For those with rare skin disease, U of M treatment gives first-ever relief

Payton Thornton
Payton Thornton has a condition called epidermolysis bullosa, or E.B. for short. Kids with this disease are missing a key protein that fixes skin.
MPR Photo/Nikki Tundel

Payton Thornton, 5, knows he is going to the hospital soon for a big procedure.

But for moment he is more interested in selling his dad some wooden pretzels from a miniature store in the playroom at the Ronald McDonald House.

"Eat it," he tells his father, Reid Thornton.

"Eat it? Nah, I don't know if I like that. Put some ketchup on it and then I might eat it," Reid Thornton said.

Payton, who's from Alabama, sorts through his toys with tiny fingers that are separated from one another by protective layers of gauze.

If he didn't wear the wrappings, the mere friction caused by his fingers rubbing together would tear his skin. His body would try to heal the wound, but it wouldn't have the right materials to do so.

Payton's condition is called epidermolysis bullosa, or E.B. for short. Kids with this disease are missing a key protein that fixes skin. The absence of the protein causes his body to overcompensate, leading to scarring that would eventually fuse his fingers together. Children who are born with the disease usually die before reaching adulthood.

Reid and Payton
Reid Thornton helps his son Payton in the playroom at the Ronald McDonald House in Minneapolis. Payton has a condition called epidermolysis bullosa. His extremely sensitive skin makes it difficult for him to get around.
MPR Photo/Nikki Tundel

Researchers at the University of Minnesota say for the first time they have successfully treated the rare, but fatal skin disease using stem cells. Payton's feet are already so scarred that the spaces between his toes are now gone. The wounds and scarring can occur anywhere on his body.
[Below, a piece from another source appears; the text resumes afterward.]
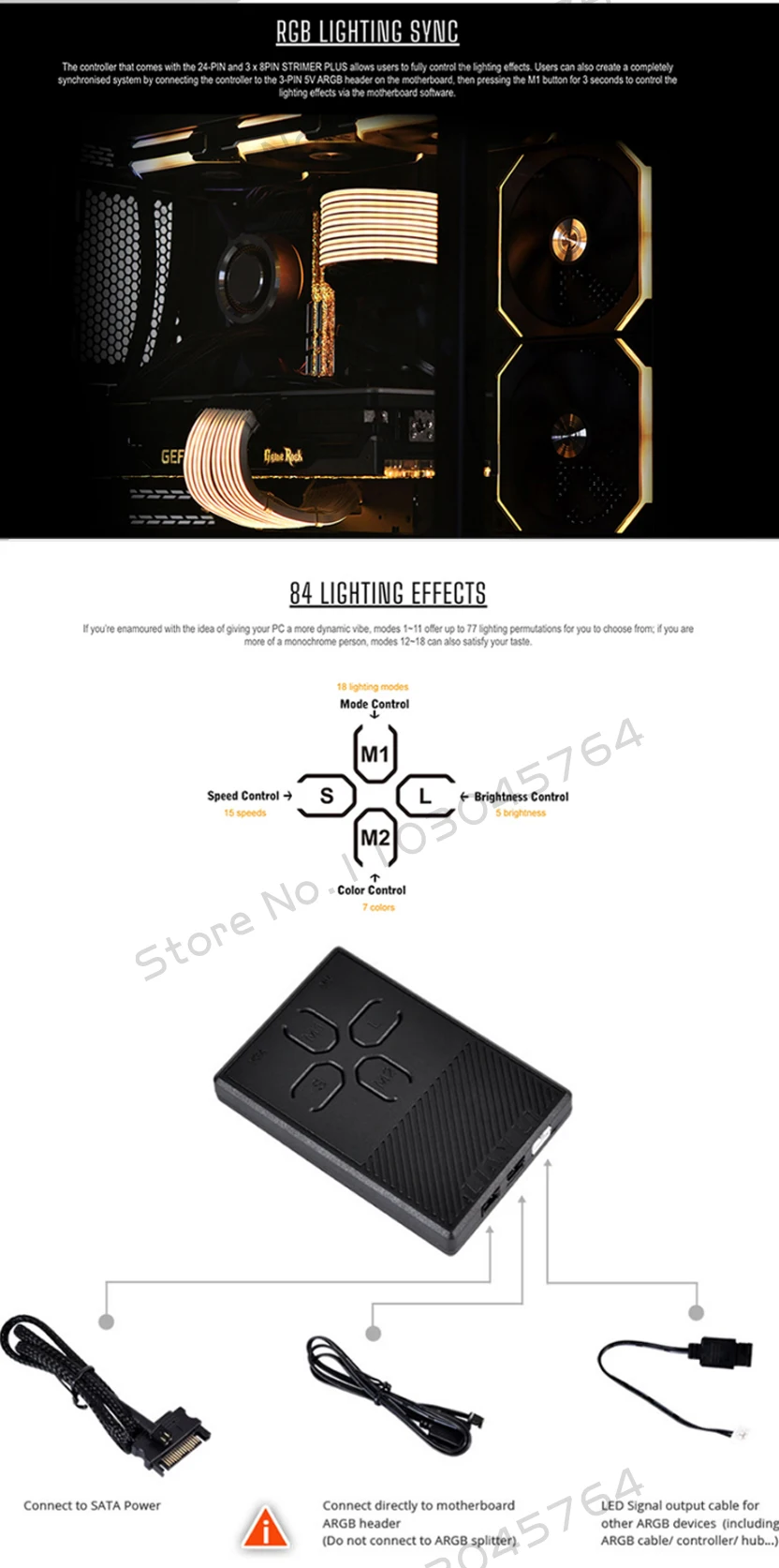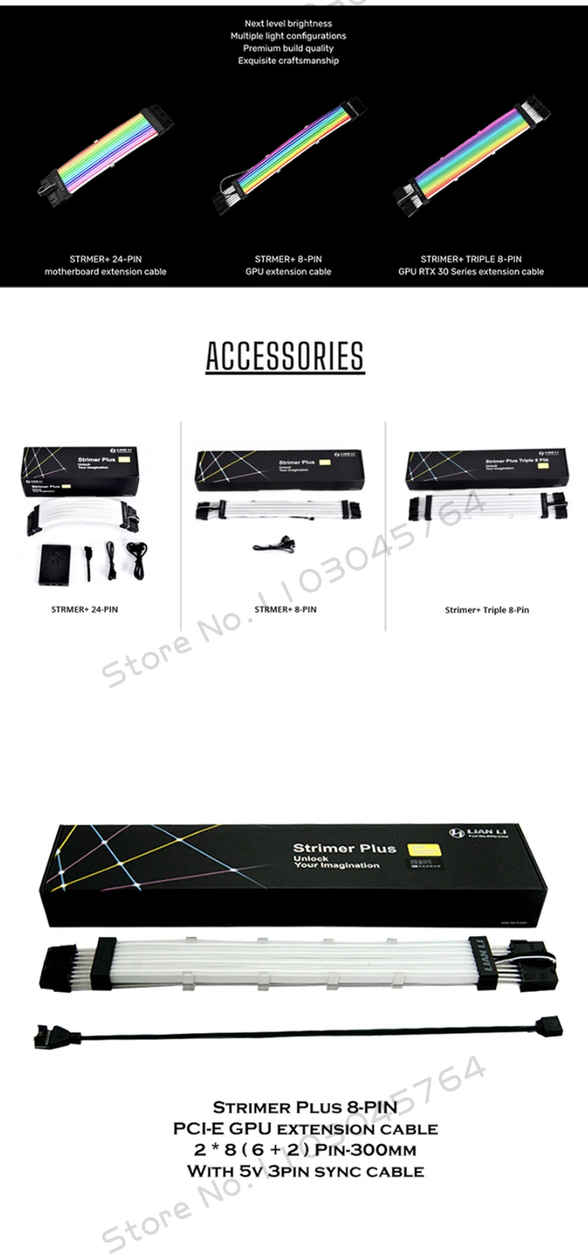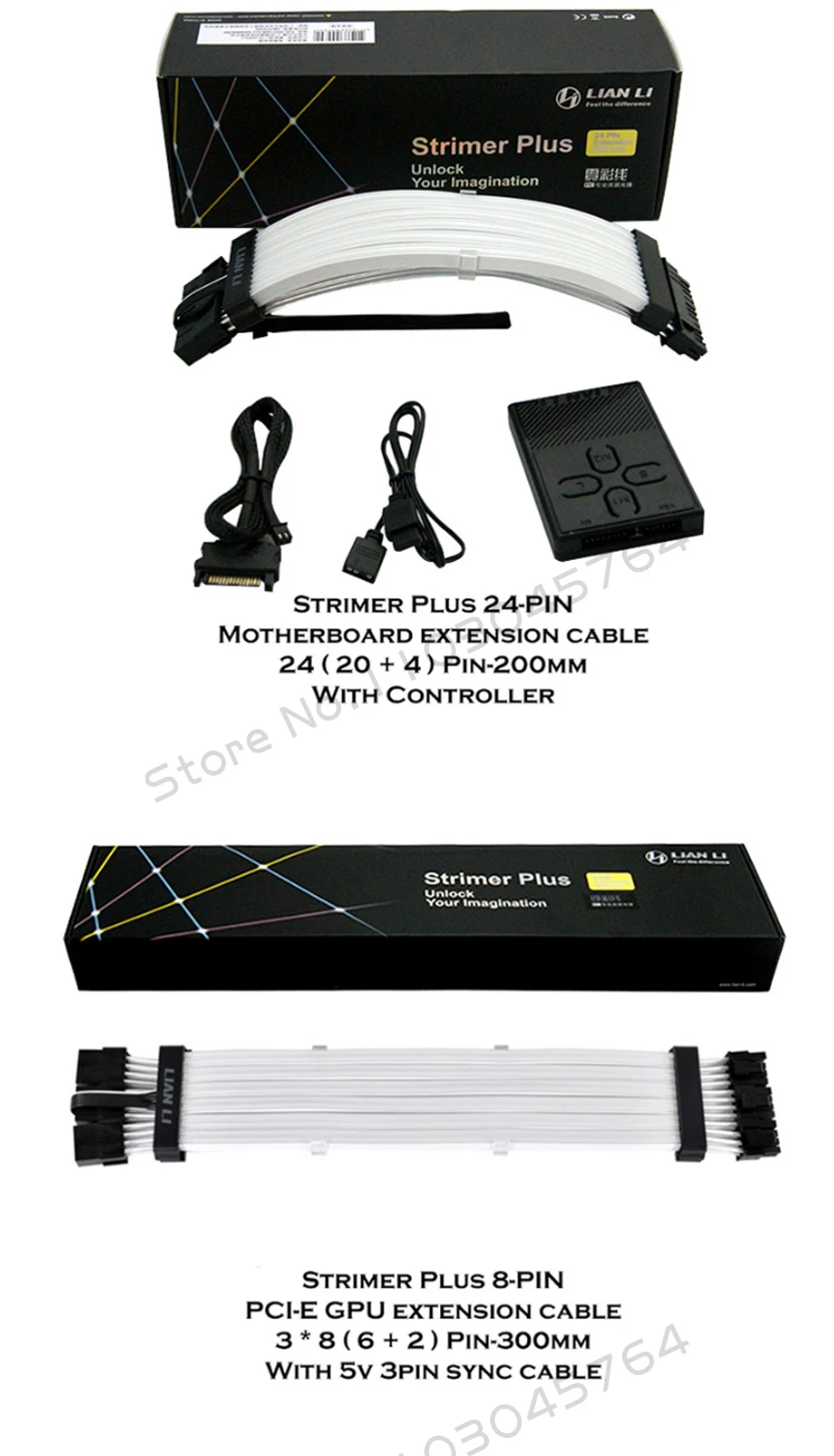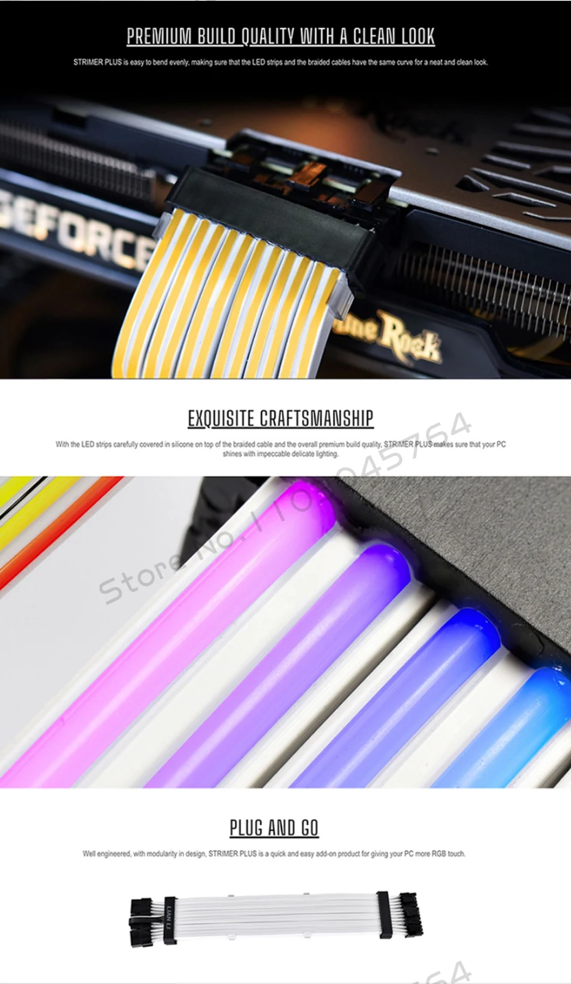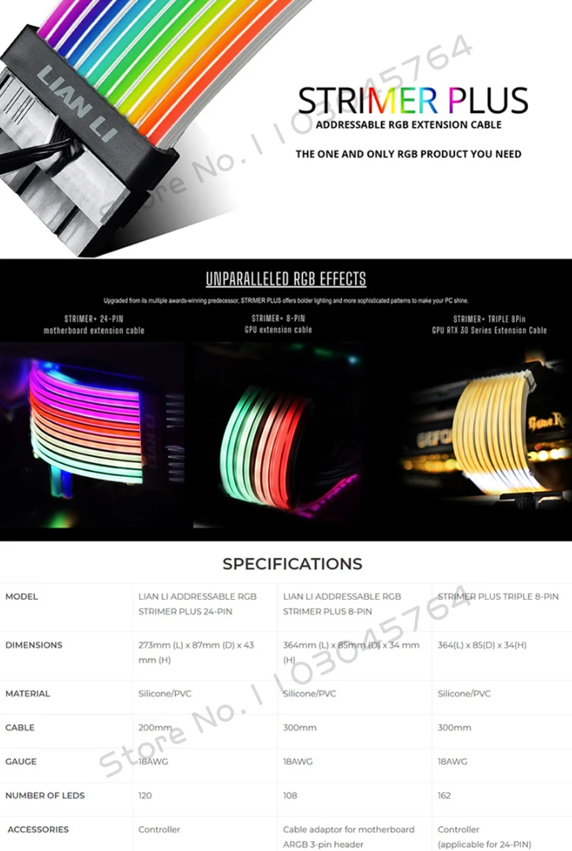 Comprar Lian Li Strimer Plus V1 Cable de extensión direccionable RGB 24 pines ATX Cable de alimentación GPU Triple 8 pines guía de luz de arco iris de silicona

Joy Thornton, Payton's mother, said the worst areas are around his neck, the backs of his shoulders and the tops of his arms

"You know when he gets those wounds like that, it just looks like you've poured a bucket of hot water. I mean, it's just raw skin," she said.

The Thorntons have traveled to Minneapolis in the hopes of healing Payton's wounded skin. They know it won't be an easy process. The U of M's new treatment is very promising -- ten children so far have had their sores improve, but two others died from complications.

Dr. John Wagner, the lead investigator on the project, said the main challenge for his young patients is surviving the heavy doses of chemotherapy that wipe out their immune system, so they can receive bone marrow stem cells from a donor.

"It's not an easy procedure and it's very risky," Wagner said. "That's one of the things that I think people are going to question -- trying something so new and risky in these young children."

Without the treatment though, patients could still die early from infections and an aggressive skin cancer that usually develops by their teens.

"This is a horrendous disease," Wagner said. "If we can do anything that impacts upon that quality of life, it's a good thing."

Stacking toys
At the Ronald McDonald House in Minneapolis, Payton Thornton stacks wooden toys. Because of his sensitive skin, his fingers are separated from one another by protective layers of gauze.
MPR Photo/Nikki Tundel

Payton's odds of having a successful bone marrow transplant have been improved greatly by his perfect donor match -- his 8-month-old brother, Paxton.

Payton's older brother wasn't a good donor match. So the Thorntons used in vitro fertilization and genetic testing to select an embryo that would be suitable. Joy Thornton said her son Paxton won't remember the discomfort of having some of his bone marrow removed.

"We wanted to be able to give Payton the best chance at life," she said.

There's still a lot that researchers don't understand about their novel therapy. They know the bone marrow stem cells they've selected produce large amounts of collagen 7, a sort of glue that helps holds the skin together. But they're not sure which particular stem cells are the most important in the process and if they are actually making new skin or some other substance.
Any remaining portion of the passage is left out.